Re: About rtla osnoise and timerlat usage

[Daniel Bristot de Oliveira]

On 2/22/23 09:39, Prasad Pandit wrote:
> Hello Daniel,
> 
> Thank you so much for your reply, I appreciate it.
> 
> On Wed, 22 Feb 2023 at 17:30, Daniel Bristot de Oliveira <bristot@kernel.org <mailto:bristot@kernel.org>> wrote:
> 
>     This is the timerlat's timer, so it is expected. What this trace is pointing is to
>     a possible exit from idle latency... so idle tune is required for this system
>     and *this metric*... but
> 
> 
> * Idle tune?
>  
> 
>     Yes, that is expected on timerlat in an isolated CPU. But not with osnoise/oslat kind of tool,
>     as they keep running, while timerlat/cyclictest go to sleep.
> 
> 
> * I see, okay.
> 
>     Let me know how rtla osnoise results are, so I can help more. 
> 
> 
> * Yes, I've been running oslat(1) and rtla-osnoise(1) too.
>    Please see:
>     oslat(1) log -> https://0bin.net/paste/T0PDXHz5#AnNEzkTRxQVT1gvAqKM43jW+yhqilbNbFqHIHHpy4MY <https://0bin.net/paste/T0PDXHz5#AnNEzkTRxQVT1gvAqKM43jW+yhqilbNbFqHIHHpy4MY>
>     rtla-osnoise-top(1) log -> https://0bin.net/paste/8qwjebnZ#22sfTYTv68JAAMHZJhnCBTP-uvP7Mxj8ipAVbuQVsiy <https://0bin.net/paste/8qwjebnZ#22sfTYTv68JAAMHZJhnCBTP-uvP7Mxj8ipAVbuQVsiy>


The problem in the oslat case is that trace-cmd is awakened in the isolated CPU.

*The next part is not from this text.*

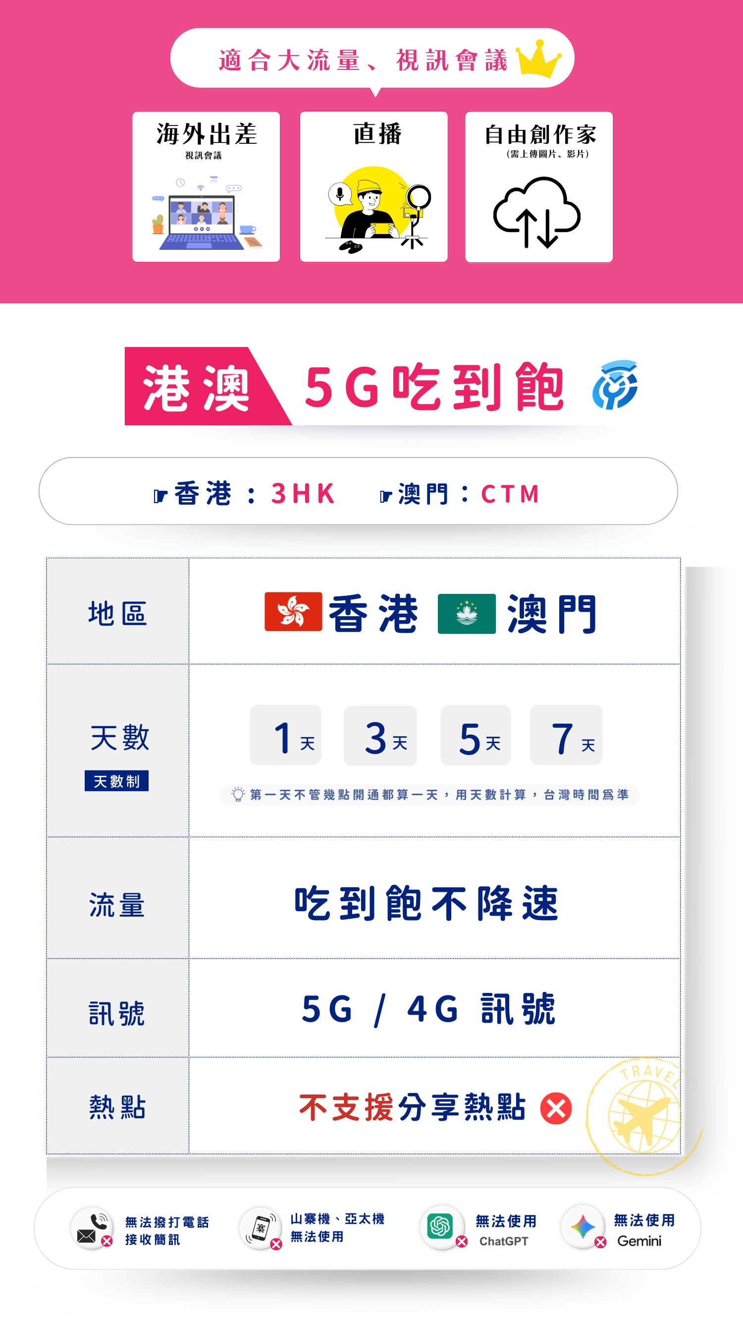 eSIM_揚奇港澳多日(5G吃到飽)上網卡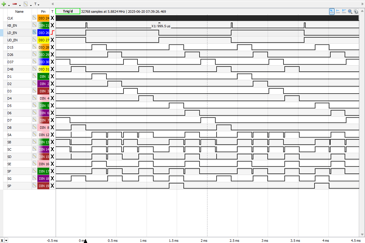 Digital V manufactured in May 1972 while displaying "-104.6790" and captured with the Digilent Digital Discovery connected to the DCM-50A Platform. GI 251F Clock Frequency at 100 kHz. |

That is probably because trace-cmd once ran and armed a timer there.

I recommend you restrict the affinity of trace-cmd to the non-isolated CPUs before
starting it and run the experiment again.

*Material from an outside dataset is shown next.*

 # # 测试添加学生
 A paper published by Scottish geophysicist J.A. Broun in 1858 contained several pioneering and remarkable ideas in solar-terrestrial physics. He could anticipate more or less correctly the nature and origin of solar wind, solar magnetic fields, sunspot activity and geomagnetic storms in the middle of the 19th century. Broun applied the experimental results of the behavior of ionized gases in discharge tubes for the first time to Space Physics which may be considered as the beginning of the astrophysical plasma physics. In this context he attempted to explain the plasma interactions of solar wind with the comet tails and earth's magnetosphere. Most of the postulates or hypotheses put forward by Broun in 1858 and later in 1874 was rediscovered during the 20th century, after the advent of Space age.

However, a busy loop in FIFO:95 is not a good setup. That is because you have to
raise the priority of other things like the ktimer because of this. Like in your
example, ktimer as FIFO:97... it is hard to justify this as a sane setup.

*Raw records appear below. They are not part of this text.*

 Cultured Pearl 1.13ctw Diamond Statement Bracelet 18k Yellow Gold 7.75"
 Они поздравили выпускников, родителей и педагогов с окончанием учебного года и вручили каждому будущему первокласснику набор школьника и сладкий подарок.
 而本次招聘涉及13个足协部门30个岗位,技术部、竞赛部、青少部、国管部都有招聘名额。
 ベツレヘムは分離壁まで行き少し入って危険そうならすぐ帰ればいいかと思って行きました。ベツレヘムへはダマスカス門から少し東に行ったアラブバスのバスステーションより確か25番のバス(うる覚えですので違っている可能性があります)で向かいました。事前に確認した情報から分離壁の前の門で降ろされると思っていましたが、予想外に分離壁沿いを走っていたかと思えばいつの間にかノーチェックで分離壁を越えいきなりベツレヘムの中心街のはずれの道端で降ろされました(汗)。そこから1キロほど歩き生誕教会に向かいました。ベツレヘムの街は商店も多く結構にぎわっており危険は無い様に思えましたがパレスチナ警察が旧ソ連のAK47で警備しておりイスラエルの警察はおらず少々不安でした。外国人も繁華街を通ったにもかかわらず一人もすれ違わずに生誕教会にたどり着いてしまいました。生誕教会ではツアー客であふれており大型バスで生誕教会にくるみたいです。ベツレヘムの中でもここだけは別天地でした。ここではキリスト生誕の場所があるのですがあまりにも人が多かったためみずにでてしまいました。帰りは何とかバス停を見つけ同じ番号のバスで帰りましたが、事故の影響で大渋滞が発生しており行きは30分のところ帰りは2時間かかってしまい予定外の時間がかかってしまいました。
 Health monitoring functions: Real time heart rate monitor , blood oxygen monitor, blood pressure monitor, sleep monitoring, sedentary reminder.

In a properly isolated CPU, SCHED_OTHER should be enough. I understand that
people use FIFO because it gives the impression that the busy loop will
receive more CPU time, but this is biased by tools that only measure the
single latency occurrence - and not overall latency.

See this article: https://research.redhat.com/blog/article/osnoise-for-fine-tuning-operating-system-noise-in-linux-kernel/

While running with FIFO reduces the "max single noise" by two us (from 7 to 5 us)
in relation to the SCHED_OTHER, the total amount of noise that the tool running with
FIFO is larger because the starvation of tasks require further checks from the OS
side, generating further noise. So SCHED_OTHER is better for total noise.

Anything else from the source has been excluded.